Les féministes chiliennes approuvent le projet de nouvelle Constitution

À tout juste une semaine du référendum constitutionnel au Chili, les féministes ont célébré samedi 27 août l’option de « l’apruebo », celle en faveur de la nouvelle Constitution (opposée au « rechazo », le non). 4 500 femmes ont participé à un événement festif et gratuit organisé par plus d’une trentaine d’organisations et qui avait lieu dans un théâtre du centre de la capitale.

Avec notre correspondante à Santiago, Naïla Derroisné

Les féministes défendent le nouveau texte constitutionnel, le premier au monde à avoir été écrit avec autant de femmes que d’hommes. Et qui garantit la parité à tous les niveaux, le droit à l’avortement, le droit à une vie sans violences ou encore qui reconnait le travail domestique et des aidants.

« Votons pour une nouvelle Constitution ! » lance l’actrice chilienne Natalia Valdebenito.

Arrive ensuite sur scène la célèbre féministe argentine Rita Segato : « Je pense que ce processus n’est pas seulement chilien mais il est issu de ce lien solide qui unit toutes les femmes du continent, des Andes à l’Amazonie et l’Amérique du Sud. Le Chili nous représente ! »

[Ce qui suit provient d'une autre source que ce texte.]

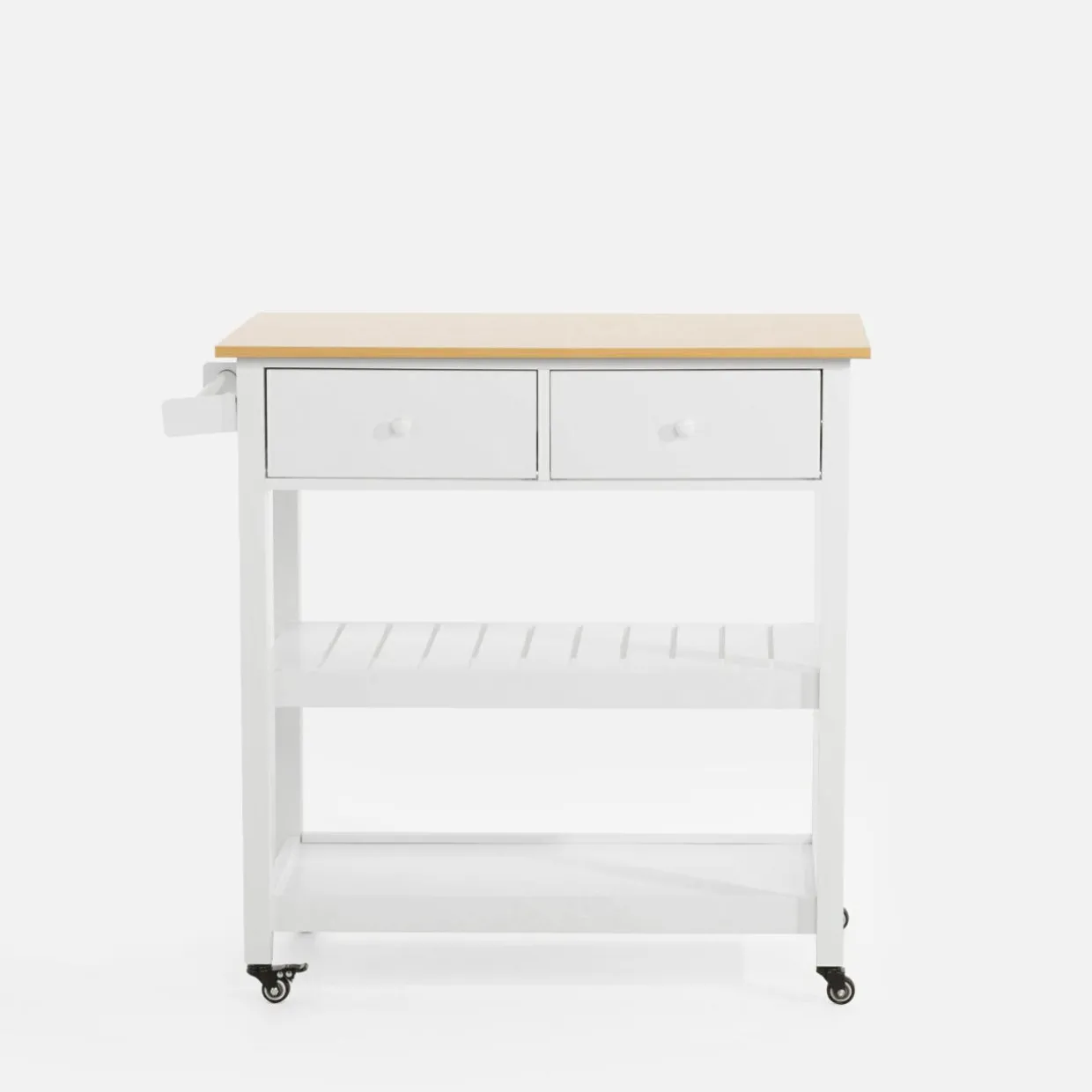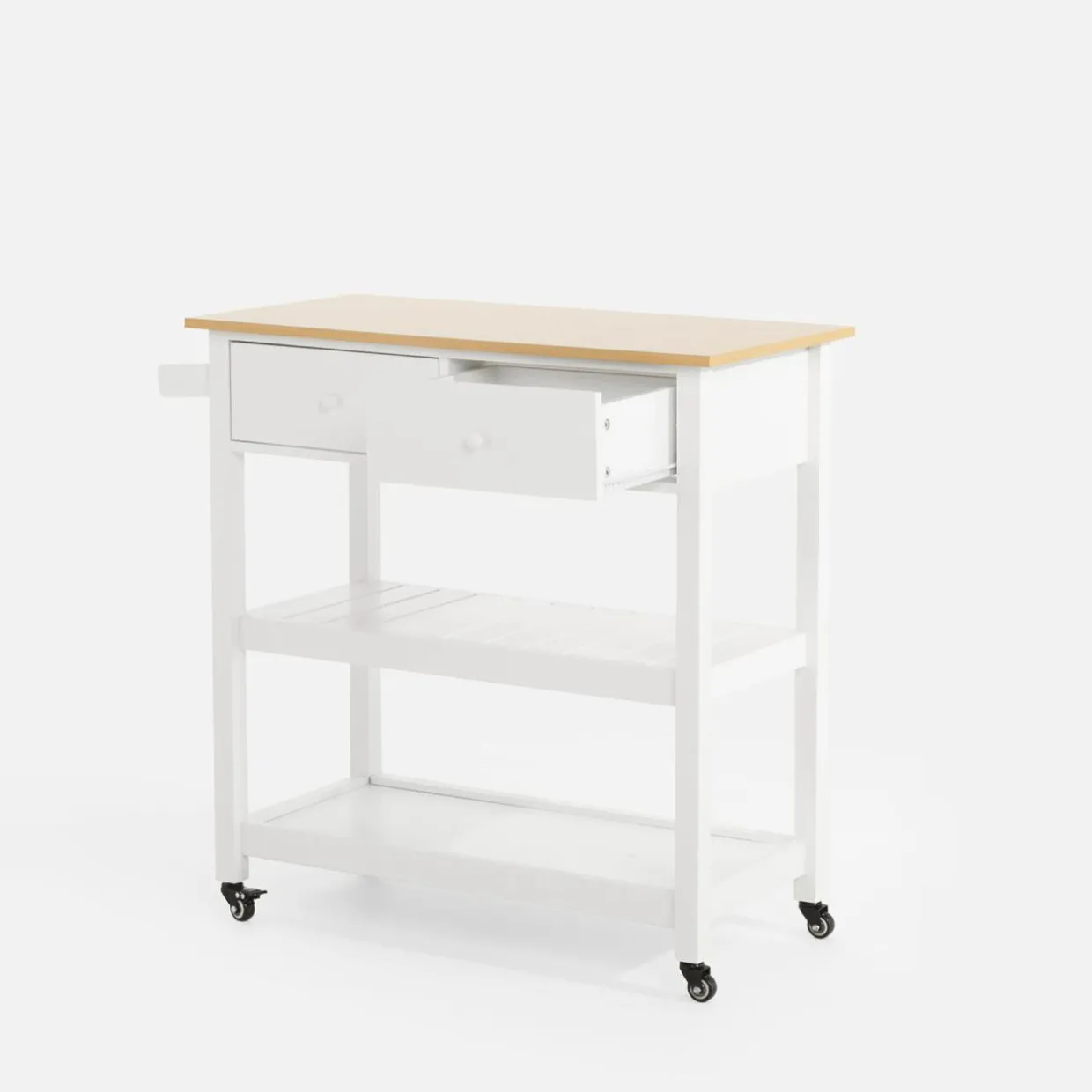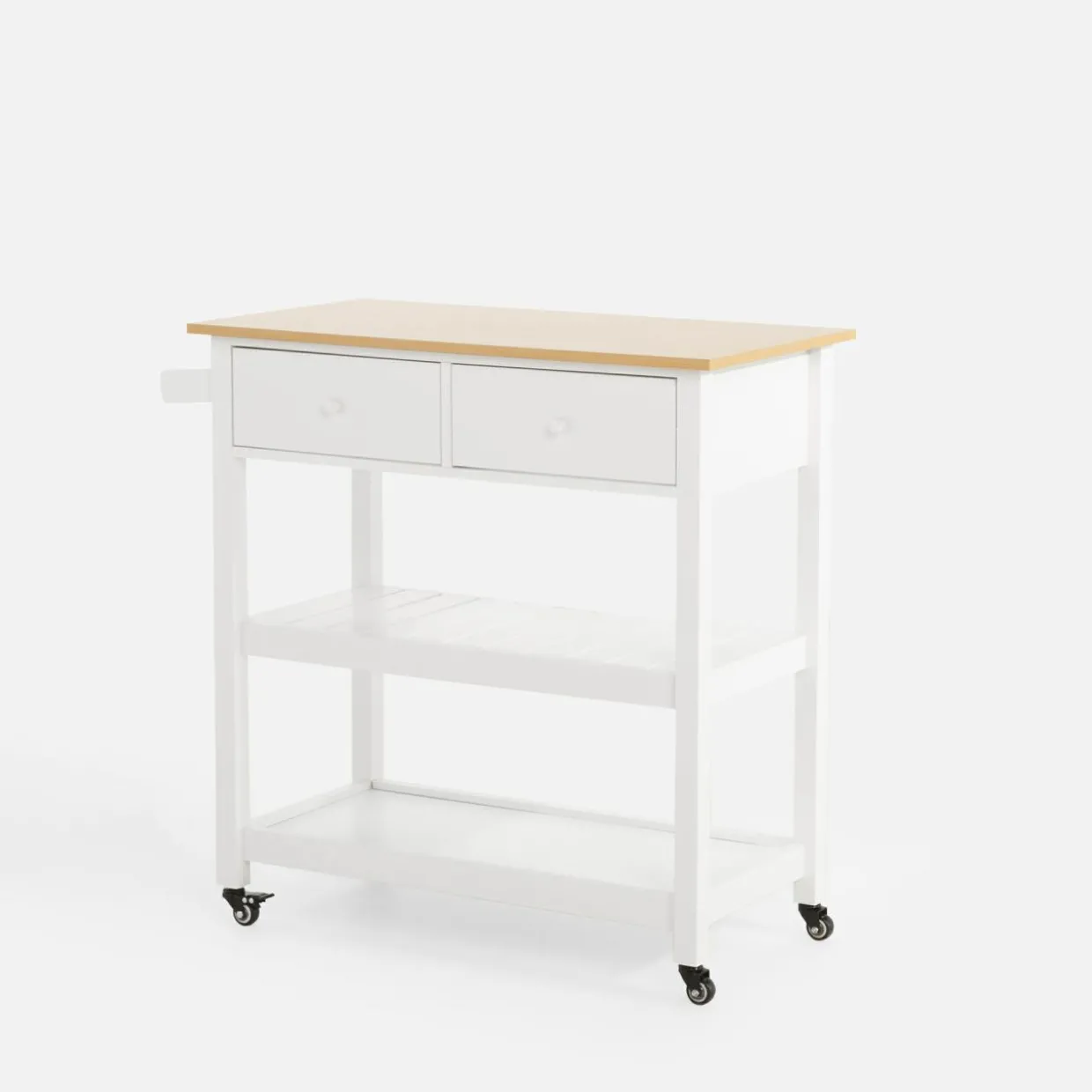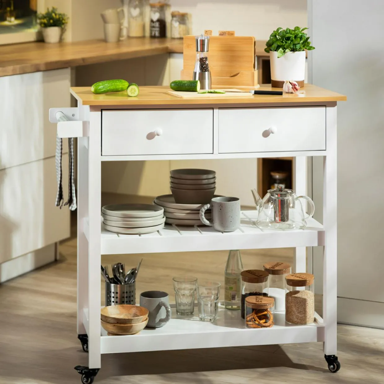 - Wózek posiada 4 kółka, w tym 2 z blokadą. Gdy podjedziesz z jedzeniem do salonu czy jadalni wystarczy, że zablokujesz kółka, stabilizując mebel.
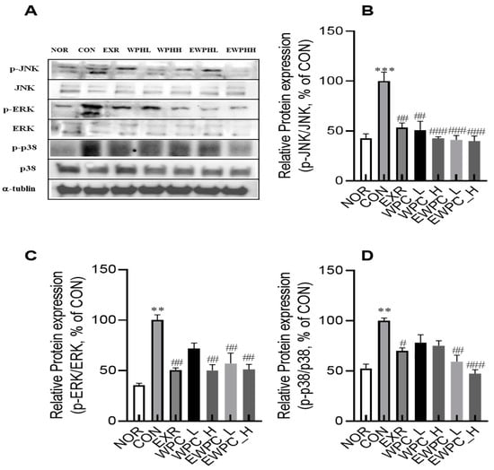 Effect of WPH and treadmill exercise on relative protein expression levels of the mitogen-activated protein kinase (MAPK) signaling pathway. NOR, normal; CON, control; EXR, exercise; WPH-L/H, low-dose/high-dose whey protein hydrolysate; EWPH_L/H, exercise + low-dose/high-dose whey protein hydrolysate. Western blot images of MAPKs (A). Relative protein levels of p-JNK/JNK (B), p-ERK/ERK (C), and p-p38/p38 (D) were determined using Western blot. Data are presented as mean ± standard error of the mean. ** p < 0.01, *** p < 0.001 vs. NOR group; # p < 0.05, ## p < 0.01, ### p < 0.001 vs. CON group (analysis of variance followed by post hoc Tukey’s test).
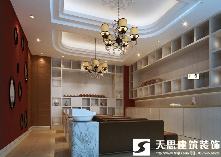 收銀臺需和整體店內設計相融合,以精、美、小為佳,背后應設計顧客寄存柜,讓顧客產生安全感,收銀臺應考慮到電腦、電視、音箱、燈光的控制設計,便于操作方便。收銀臺上應設計顧客檔案、技術資料插夾。不要忘了吸貼式員工輪牌板安置環節。
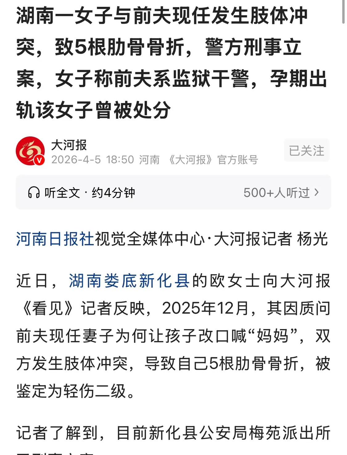湖南,女子在怀二胎的时候,小其7岁丈夫出轨女同事。女子发现后,将二人举报,因二人都是监狱干警,导致被记大过处分。随后,女子与丈夫协议离婚。谁知,女子前脚离婚,前夫后脚就把女同事娶了回去。女同事还逼着孩子管她叫妈妈,威胁不叫妈妈就不给买玩具。女子得知后,火冒三丈,找上门去,双方发生肢体接触,导致女子5处肋骨骨折,造成轻伤二级。没想到,对方反咬一口:她上门滋事,自己才是受害者。网友:离婚了还纠缠什么?
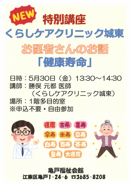 2025.11.25 お医者さんの話し「もしもの時も安心!訪問診療ってどんな事ができる?」が開催されました! 活動報告 #亀戸福祉会館 #くらしケアクリニック城東 #訪問診療 2025.08.30 くらしケアクリニック城東 お医者さんの話「認知症について」が開催されました! 活動報告 #亀戸福祉会館 #くらしケアクリニック城東 #お医者さんの話 #認知症について 2025.05.31 NEW!くらしケアクリニックお医者さんのお話「健康寿命」が開催されました! 活動報告 #亀戸福祉会館 #くらしケアクリニック城東 #フレイル予防 #たんぱく質 #健康寿命
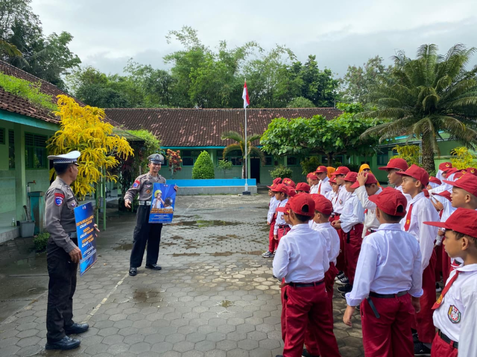 Polsek Galur Tanamkan Budaya Tertib Lalu Lintas Sejak Dini di SD Negeri 2 Pandowan
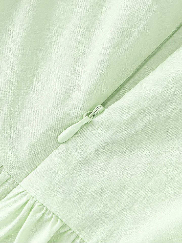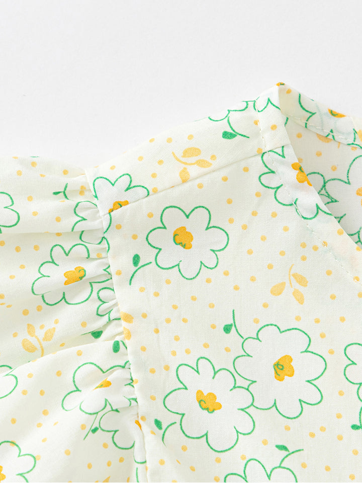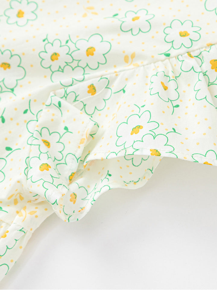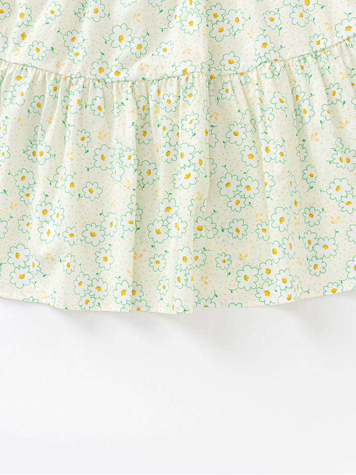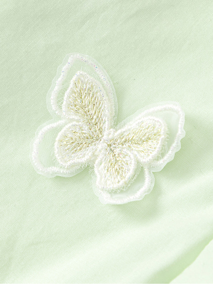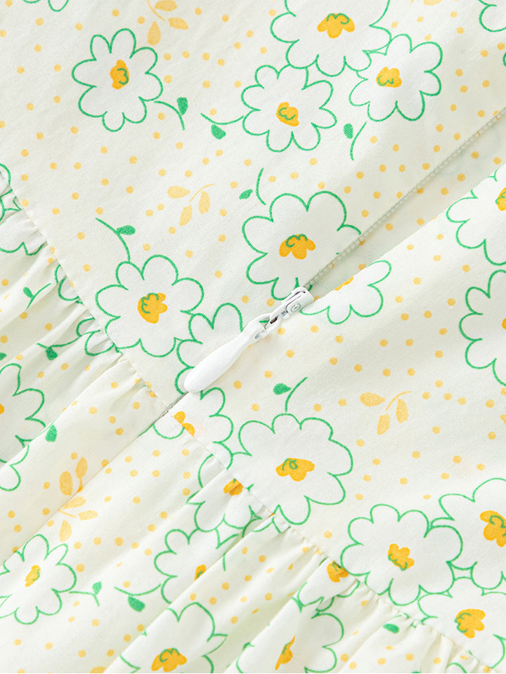 short sleeves girls dress in a flowy style design, decorated with a small embroidery patch on the fornt side and ruffle on sleeves, comes with a zipper for closure on the back side and with a rounded shape neckline

Puis c’est au tour de la rappeuse franco-chilienne, fille d’exilés, Ana Tijoux, de prendre le micro. « Nous avons l’opportunité d’en finir avec la Constitution de Pinochet, d’en finir avec le patriarcat fasciste de ce pays », lance-t-elle.

À l’unisson avec la salle, elle chante son célèbre titre « Anti-patriarcat ».

Eila, étudiante, a assisté aux 3 heures de show. « On était entourées de femmes qui veulent la même chose et on s’est senties totalement en sécurité, ce qui n’est pas le cas dans d’autres événements. C’était très beau et très très émouvant ! »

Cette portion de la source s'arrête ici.